Due to the numerous target gene sequences in the multiplex RT-ddPCR assay, the amplification and separation efficiency were significantly affected by the final concentrations of the primer, probe, annealing temperature, extension time, and the number of cycles. Therefore, the reaction system and procedure were optimized. The final primer concentrations were based on their impact on amplification efficiency, with findings indicating that the optimal concentration was 900 nmol/L (Figure 1A). The probe final concentrations were optimized between 150 and 500 nmol/L, showing that the separation of negative and positive droplets was more distinct at 350 nmol/L for HAV and HEV. However, the spacing between MS2 positive and negative droplets was closer. Therefore, enhancing the MS2 probe concentration to 500 nmol/L significantly widened the spacing between negative and positive droplets (Figure 1B). Thus, the optimal probe concentrations for HAV and HEV were 350 nmol/L, while the optimal concentration for MS2 was 500 nmol/L. To determine the best annealing temperature, eight temperatures ranging from 51.0 to 62.0 °C were evaluated. The highest number of positive droplets was achieved at 53.1 °C, resulting in the most effective isolation (Figure 1C). Finally, by maintaining the number of cycles at 40 and optimizing the extension time (60, 90, 120 s), it was observed that the positive droplets were more compact and better separated with an extension time of 90 s and 45 cycles. The 2D plot analysis results of the optimized multiplex RT-ddPCR assay are illustrated in Figure 1C-3.

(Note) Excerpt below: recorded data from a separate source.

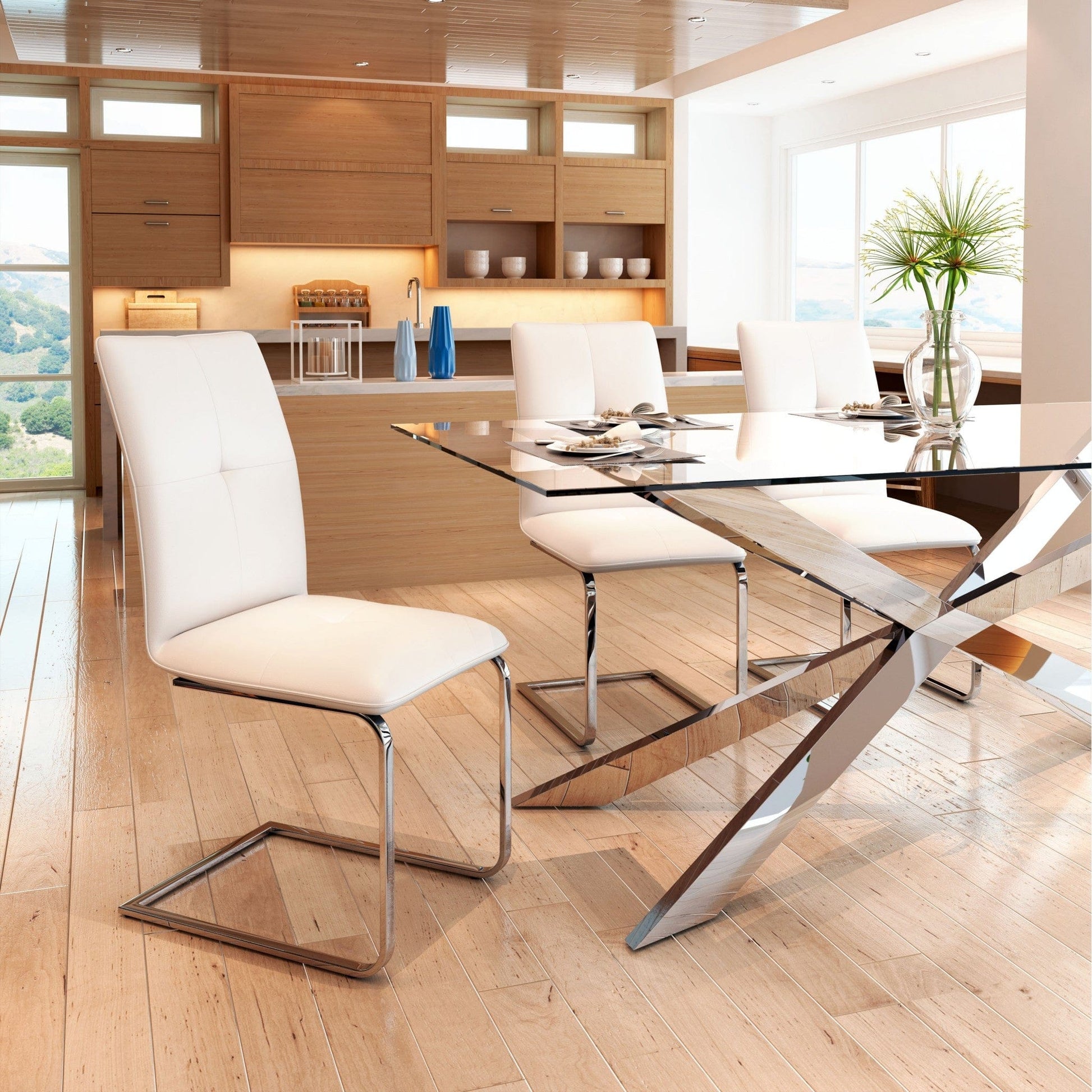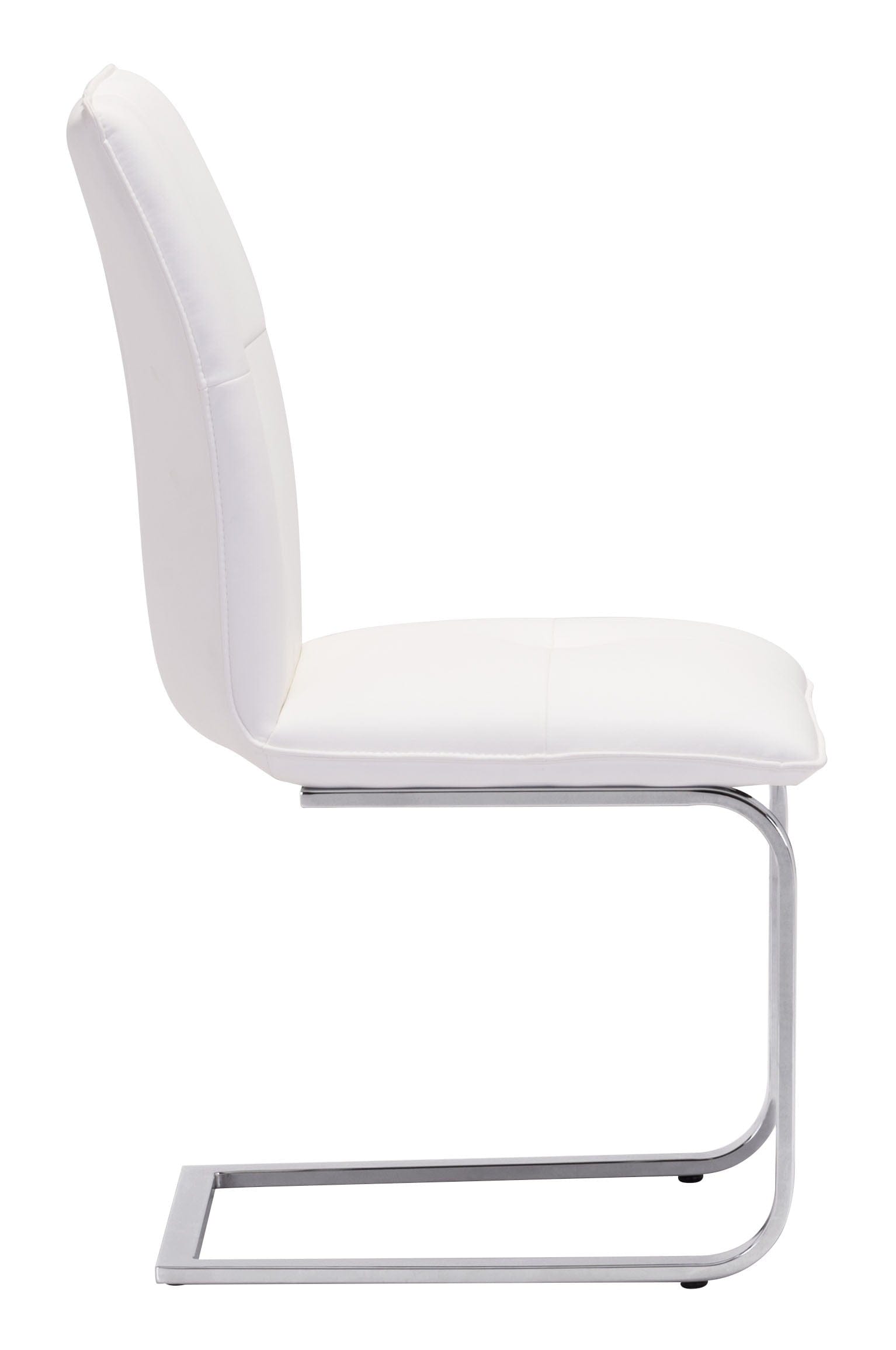 The White Faux Leather and Chrome Contempo Comfy Dining Chairs are a great way to set your dining table with some modern flair. The slim armless silhouette has just the right amount of give to make this chair not only sleek contemporary looking but super comfortable as well. The faux leather seat and back have tufted detailing to add to the look while the shiny chrome steel base is visually interesting and unique with an open geometric design. 37" x 17" x 23.4" each. Set of 2.
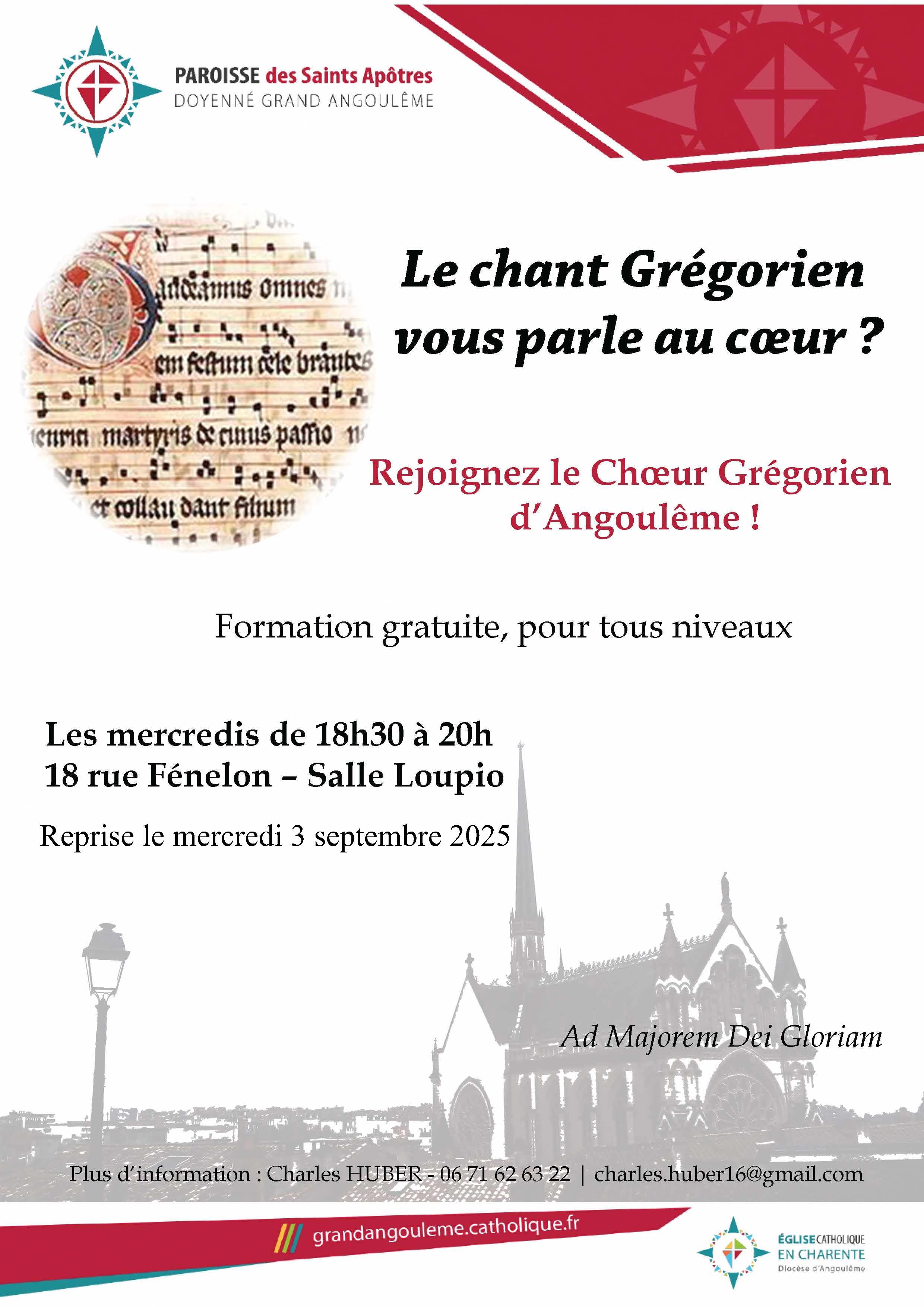 | Tous les 3èmes samedis de chaque mois une messe grégorienne – selon le nouvel ordo (1969) en latin – sera célébrée à la Chapelle des Œuvres (Cathédrale) et chantée par le Chœur Grégorien d’Angoulême. Rejoignez le Choeur Grégorien d’Angoulême ! Prochaine messe Samedi 20 septembre 2025 à la Chapelle des Œuvres (Cathédrale). | |  | Les événements diocésains à venir |
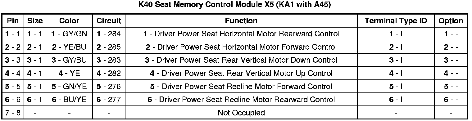 Seat Memory Control Module X5 (KA1 with A45)
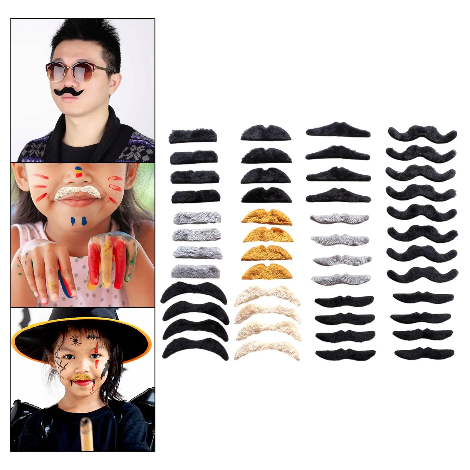 48 szt. Sztucznych Wąsów Symulacja Brod Zabawne Sztuczne Brody na Halloween Imprezy Przebrania Rekwizyty Fotograficzne Maskarada
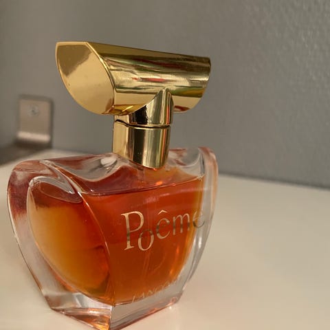 Lancôme Poême parfyme i original flakong. Flasken har en trekantet, skulpturell form med gyllent lokk og ravfarget innhold. Passer som duft til kvinner. 50ml L'eau de parfum
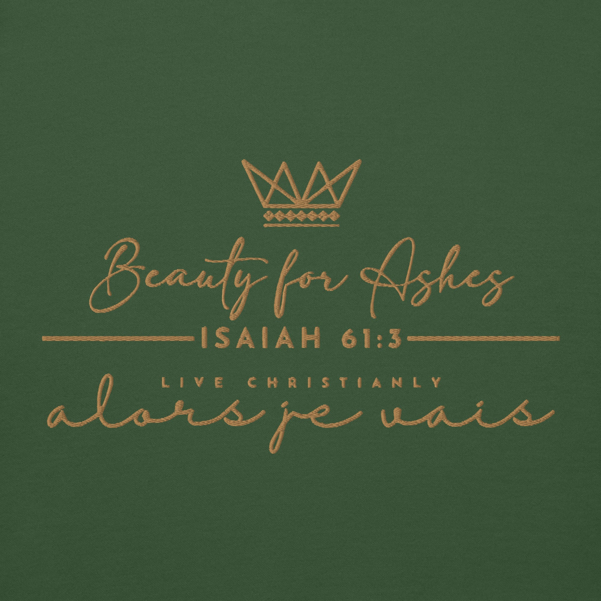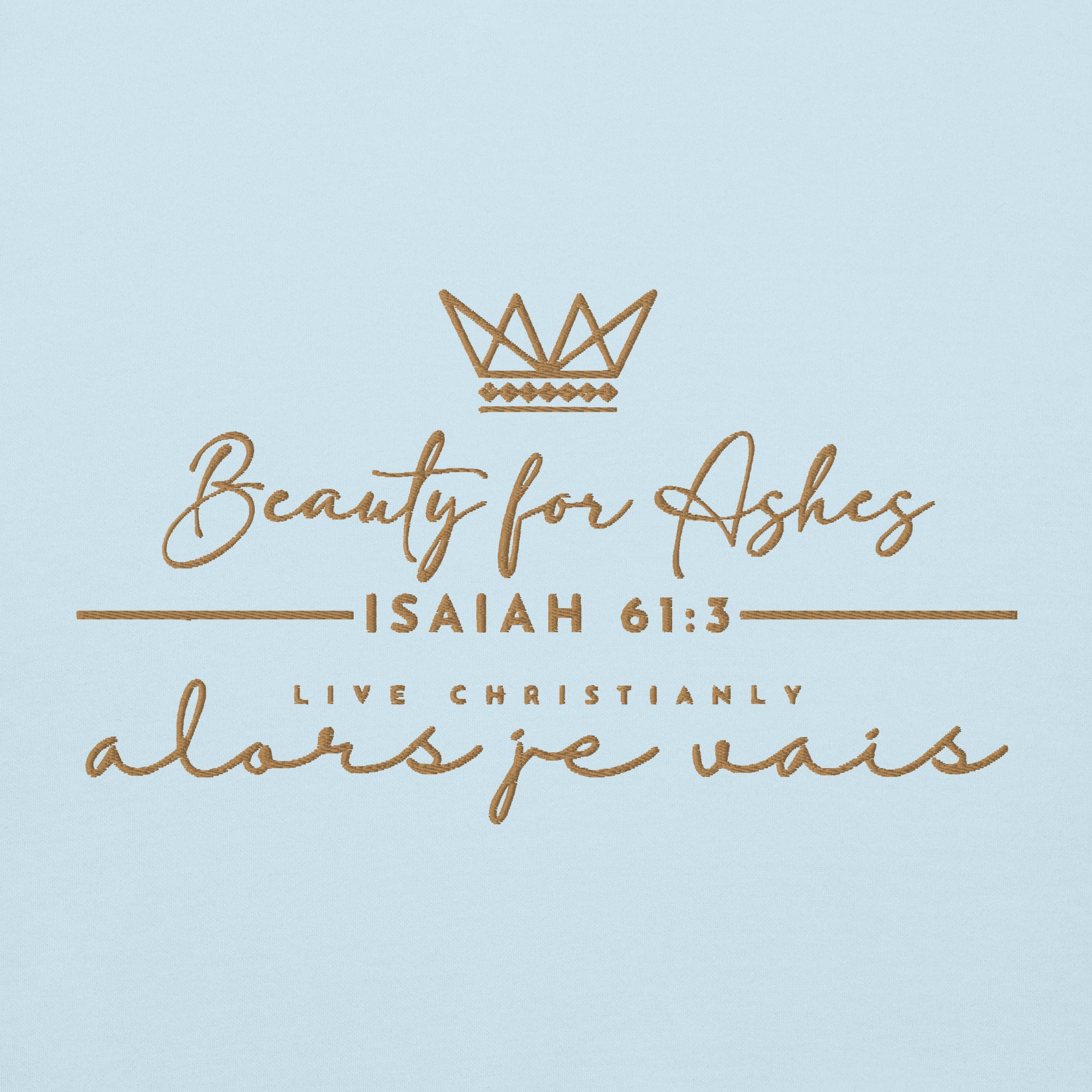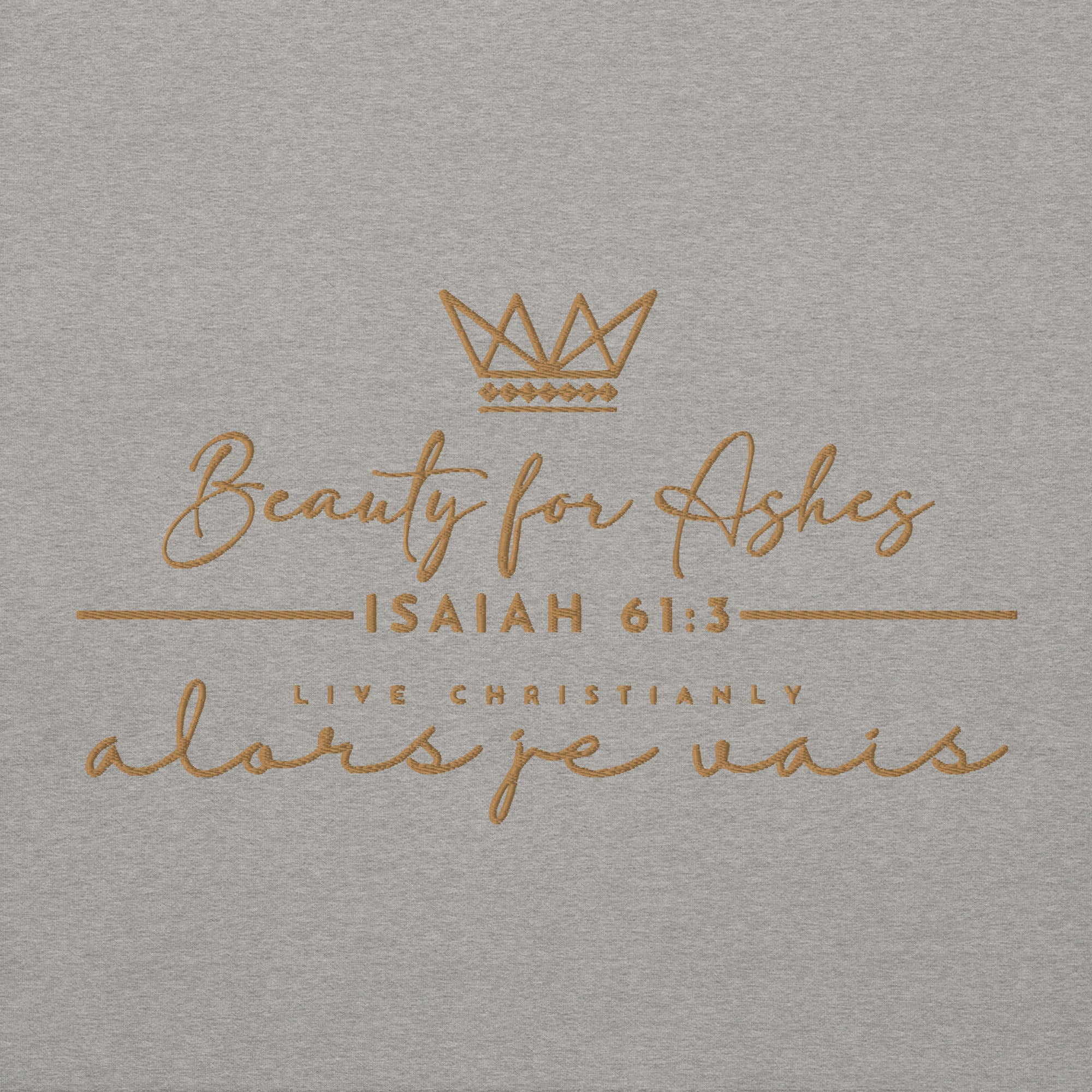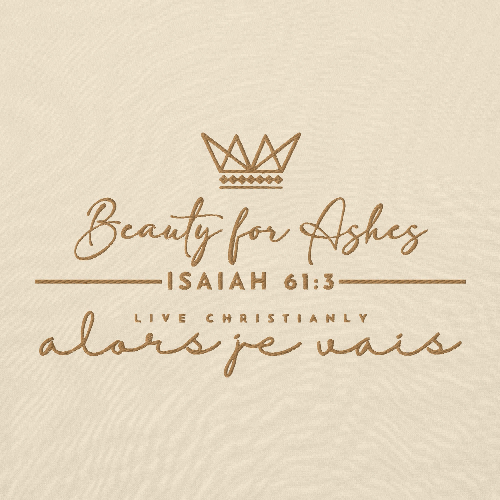 Make a statement with this luxurious and exclusive ALORS JE VAIS hoodie. Elevate your style and stand out from the crowd with the high-quality materials and designed with heart of grace, humility and love for Our Lord and Savior Christ Jesus. It's a must-have for those who appreciate a little luxury while they make a bold statement of Faith + Love.
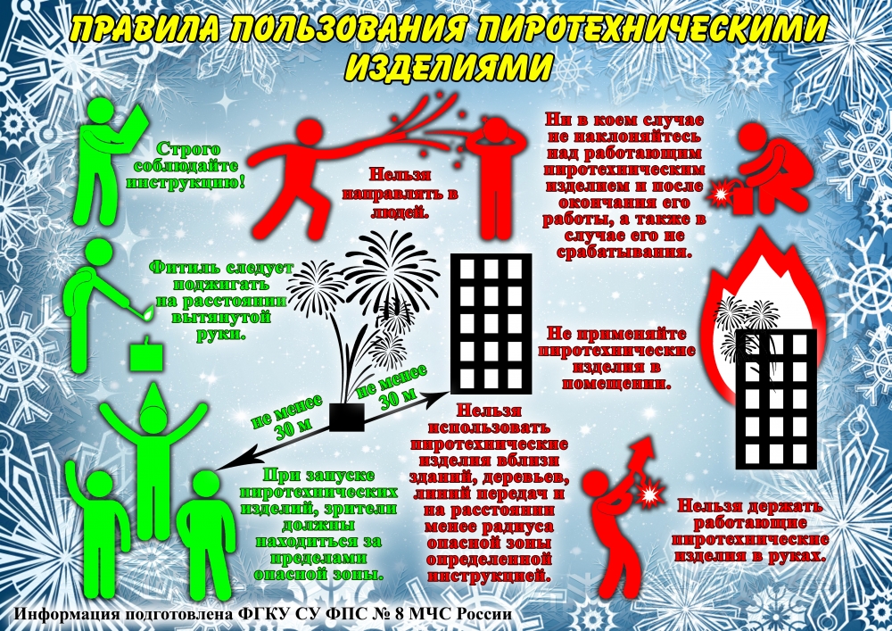 МЕРЫ БЕЗОПАСНОСТИ ПРИ ОБРАЩЕНИИ С ПИРОТЕХНИЧЕСКОЙ ТЕХНИКОЙ Новогодние и Рождественские праздники традиционно сопровождаются фейерверками и салютами. Но в эйфории праздника не стоит забывать о своей безопасности и безопасности людей, окружающих вас. Бесконтрольная реализация пиротехнической продукции и применение ее без соблюдения необходимых мер пожарной безопасности становятся причинами многих пожаров, травм и даже гибели людей, главным образом, детей и подростков. Пиротехника это собирательное название огненных игрушек: фейерверков, петард, хлопушек. На рынке в основном представлена пиротехника бытовая. Самая простейшая — петарды. Они самые дешевые и самые простые в «эксплуатации». Но это не значит, что зажигая их можно совсем забыть о безопасности. Потом идут фейерверки. Они бывают самые разные — летающие, скользящие по земле, взрывающиеся. Следующий класс — ракеты. Какое несчастье может произойти при использовании различных видов пиротехники? В первую очередь - это ожоги. При термических ожогах необходимо обратиться к взрослому за помощью. Но если вы одни, то должны знать следующее: 1. При любой степени ожога желательно охладить тело холодной водой. 7. При химических ожогах глаз - надо срочно и длительно (до 30 минут) промыть водой. Правильное обращение с пиротехникой! Итак, ребята, еще раз напоминаем правила безопасности обращения с пиротехникой. Категорически запрещается применять самодельные пиротехнические устройства. Запрещено:
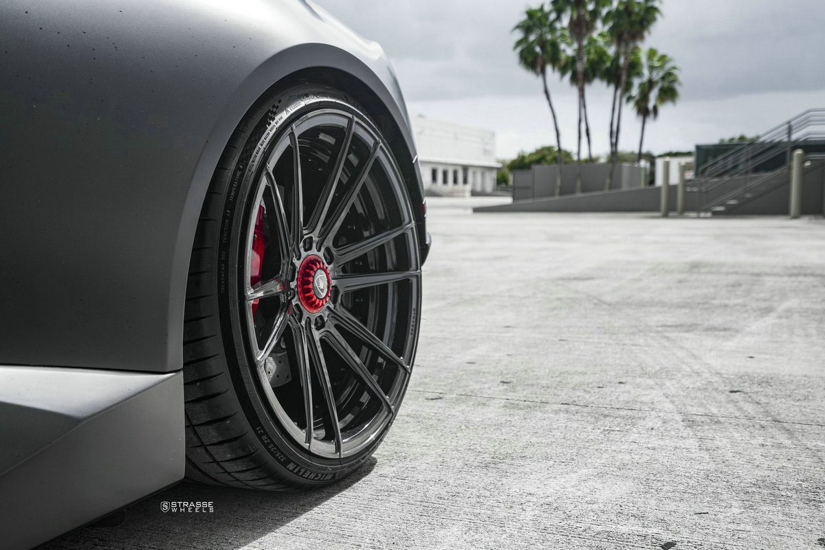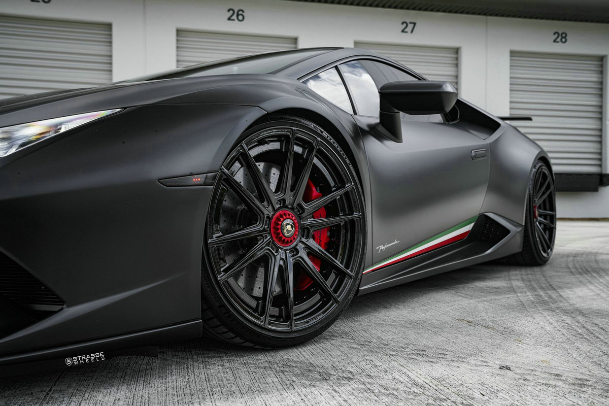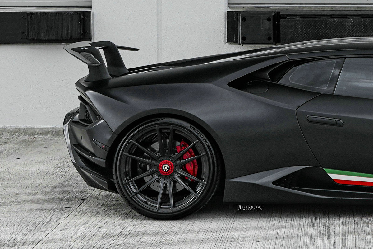 为了配合隐秘而激进的外观涂装,车主还为其配备了一套定制轮辋,这套轮辋被命名为SV12 Deep Concave Duoblock,并采用亮黑色处理。它们的尺寸为前20×9,后21×12.5,非常适合兰博基尼。

3.2. Analysis of Specificity and Sensitivity

Using various primer and probe combinations, the assay was used to detect one or more target genes and non-target genes to assess its specificity. The findings (Figure 2A) demonstrated that one or more target genes exhibited positive droplets, whereas no positive droplets were detected for any of the non-target genes. This indicated that the assay possessed a high level of specificity.
Following the mixing of three distinct types of RNA (HAV, HEV, and MS2), a ten-fold serial dilution was performed, with each dilution repeated three times. The results indicated that the linear ranges for HAV, HEV, and MS2 were 35 to 35,000, 29 to 29,000, and 14 to 14,000 copies/reaction, respectively. The LOQ were found to be 12.6, 8.9, and 7.8 copies/reaction, respectively. The coefficients of determination (R2) for the target concentrations of HAV, HEV, and MS2 were recorded as 0.9994, 0.9982, and 0.9973, respectively (Figure 2B). The reproducibility of the quantitative linear ranges was found to be between 3.2% and 18.8%, which is below the acceptable threshold for quantitative methods (<25%) [33].
The LOD was defined as the lowest template concentration that could be detected with a 95% probability of positivity, and the assay was based on the results of 10 replicates. We determined the 95% LOD using a probit regression analysis, which can convert a linear combination of independent variables into probability values through the cumulative distribution function of a normal distribution. This method effectively addresses the issue of probability estimation, making the results more meaningful in practice. The results for HAV, HEV, and MS2 are presented in Table 3. The concentration of the assay at the 95% probability level was determined through the probit regression analysis, resulting in an LOD of 9.66 copies/reaction (95% CI: 7.65 to 17.16 copies/reaction) for HAV and 8.42 copies/reaction (95% CI: 7.11 to 11.93 copies/reaction) for HEV. The LOD for MS2 was found to be 6.91 copies/reaction (95% CI: 5.38 to 11.30 copies/reaction).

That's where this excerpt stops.